Many of the more recent NHANES studies selectively analyzed portions of its data set without a clear rationale—for example, authors limited their analysis to certain years, or certain ages of people in the survey. That suggests the authors were on the hunt for statistically significant results to generate easy publications, Spick says. But fishing for results in such a huge data set is bound to come up with many false positive findings. When the team took a closer look at the 28 NHANES studies that had explored depression, they found that only 13 of the results survived a statistical adjustment that corrects for the risk of finding false positives.

Spick and his team think their analysis may drastically underestimate the problem. Their search only looked for NHANES studies that fit the formula Spick had been seeing, but a broader search finds that papers using the data set increased from 4926 in 2023 to 7876 in 2024. And other big health data sets—such as the Global Burden of Disease study—may also be vulnerable, Spick says. These data sets make it easy for researchers to interact with their information using coding languages such as Python or R, but this also makes them easy to exploit: His team was easily able to write code that could pull all the data from NHANES and “chug through the combinations” of diseases and health variables. The “industrialization” of low-quality research overwhelms the literature with useless findings, Spick says. “Honestly, I got really hopping mad about it.”

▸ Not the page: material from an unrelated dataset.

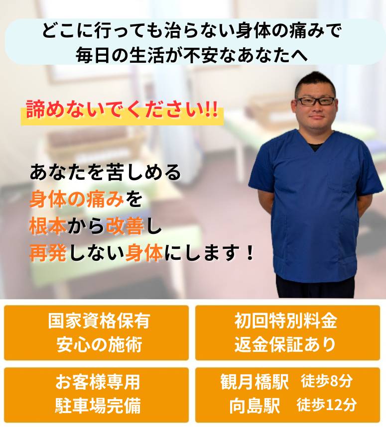 最前線の知識と多くの施術経験を持ち、症状の改善実績も豊富なカラダの専門家があなたの症状に真正面から向き合う当院で、もう二度とその痛みや不調を我慢することのなく、明るい毎日を送れるお身体を手に入れる道。

These papers reflect broad problems in both scientific publishing and how research is rewarded, Richardson says. “All of the publishers named in the article accepted fees, likely on the order of $1000 each, to publish this junk,” he notes. (Open-access journals, including PLOS Biology, generally charge author fees to make papers freely available.) And researchers are incentivized to publish more papers, rather than higher quality papers, in order to advance in their careers, Richardson adds. The problem, he warns, “will only get worse unless we radically restructure incentives around scientific publication.”

Low-quality papers are surging by exploiting public data sets and AI (2025)

References

Top Articles
Latest Posts
Recommended Articles
Article information

Author: Jonah Leffler

Last Updated:

Views: 6489

Rating: 4.4 / 5 (45 voted)

Reviews: 84% of readers found this page helpful

Author information

Name: Jonah Leffler

Birthday: 1997-10-27

Address: 8987 Kieth Ports, Luettgenland, CT 54657-9808

Phone: +2611128251586

Job: Mining Supervisor

Hobby: Worldbuilding, Electronics, Amateur radio, Skiing, Cycling, Jogging, Taxidermy

Introduction: My name is Jonah Leffler, I am a determined, faithful, outstanding, inexpensive, cheerful, determined, smiling person who loves writing and wants to share my knowledge and understanding with you.